Отношения с руководством завода испортились еще и потому, что я всегда был требовательным в отношении качества продукции и не давал поблажек производству, В результате я потерял поддержку руководства и меня стали рассматривать как человека, мешающего работе завода. Взгляд на меня можно сформулировать так: “конечно, Липгарт квалифицированный конструктор, но он не считается с интересами завода, и к производству его подпускать нельзя”».
Он продолжал оставаться «возмутителем спокойствия», он подхлестывал, он не давал почивать на лаврах и «нормально работать». Это беспокоило руководство отрасли. Разгром ЗИСа в апреле 1950-го был памятен всем. ГАЗ вовсе не желал оказаться следующим, а значит, шум, исходящий со стороны беспартийного руководителя с нерусской фамилией, был не просто не нужен – он был опасен…

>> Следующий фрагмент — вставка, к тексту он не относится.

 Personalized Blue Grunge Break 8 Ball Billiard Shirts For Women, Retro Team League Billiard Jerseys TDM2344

У главного конструктора постепенно – не сразу, не вдруг, и всех по серьезным поводам – забирали старых соратников, смело и нестандартно мыслящих единомышленников, тех, кто вырос с ним и был готов идти за него в огонь и воду. Давно ушли Астров и Грачёв, не было уже рядом ни Кригера, ни Кирсанова, ни Кириллова. Но повода избавиться от самого Липгарта пока что не представлялось. Этот повод вызрел как бы сам собой – вернее, множество обстоятельств сложилось в путаный, странный, уникальный и одновременно характерный для той эпохи узор, который в итоге обернулся драмой отнюдь не только для главного конструктора…

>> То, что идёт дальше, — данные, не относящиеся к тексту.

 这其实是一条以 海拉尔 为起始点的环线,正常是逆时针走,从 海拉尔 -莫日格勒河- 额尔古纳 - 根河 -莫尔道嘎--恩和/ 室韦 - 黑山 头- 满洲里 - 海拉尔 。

Но обо всем по порядку. Началось с будничного рабочего задания: 10 июля 1948-го Совет министров СССР постановил начать работу над двумя типами автомобилей-амфибий для армии, большим и малым. Большую отдали в Днепропетровск, на ДАЗ, Грачёву, а малую – в НАМИ (за два года до этого институт НАТИ был реорганизован и вернулся к старому названию). К апрелю 1949-го там построили два опытных образца амфибии на шасси джипа ГАЗ-67 – в сущности, советский аналог американской амфибии «Форд-GPA», хорошо знакомой по фронту. Поскольку базой служила горьковская модель, машину (она получила название НАМИ-011 или МАВ – малый автомобиль водоплавающий) передали на ГАЗ – чтобы выпустить установочную партию, а с 1951-го развернуть серийное производство. Но эта идея никакого восторга на заводе не вызвала. Причин было три: возможность создания амфибии на базе ГАЗ-67 там обсуждали еще в 1945-м и признали идею бесперспективной; проект НАМИ был сырым и требовал большой работы по переделке документации. А главное, на подходе имелась новая модель ГАЗ-69. И, если бы намишная амфибия получила одобрение армии, старый джип пришлось бы специально сохранять на конвейере как ее «донор», а выпуск новой машины – тормозить. Это в планы завода никак не входило.
Но и открыто отказываться от НАМИ-011 горьковчане не могли. Поэтому 27 января 1951-го на ГАЗе была создана особая группа по амфибии, которую по рекомендации Липгарта возглавил 43-летний конструктор Витольд Альбертович Крещук. Он был кэошником еще довоенного набора, и с ним Липгарт работал уже трижды: на «эмке» Крещук занимался рамой, на «Победе» – глушителем, на ГАЗ-51 – дисковым центральным тормозом. И все три раза главный конструктор остался недоволен качеством работы, «победовский» глушитель вообще пришлось кардинально переделывать – с прямоточного на оборотный, с резонаторной камерой. В сентябре 1948-го эта история даже попала во внутризаводскую печать, и тогда Липгарт суховато, но вполне вежливо указал на необоснованность крещуковских обид. Но, судя по всему, крест на Крещуке он не ставил и на этот раз дал подчиненному еще один шанс: НАМИ-011 все равно нужно было кому-то делать, вот пускай и занимается человек.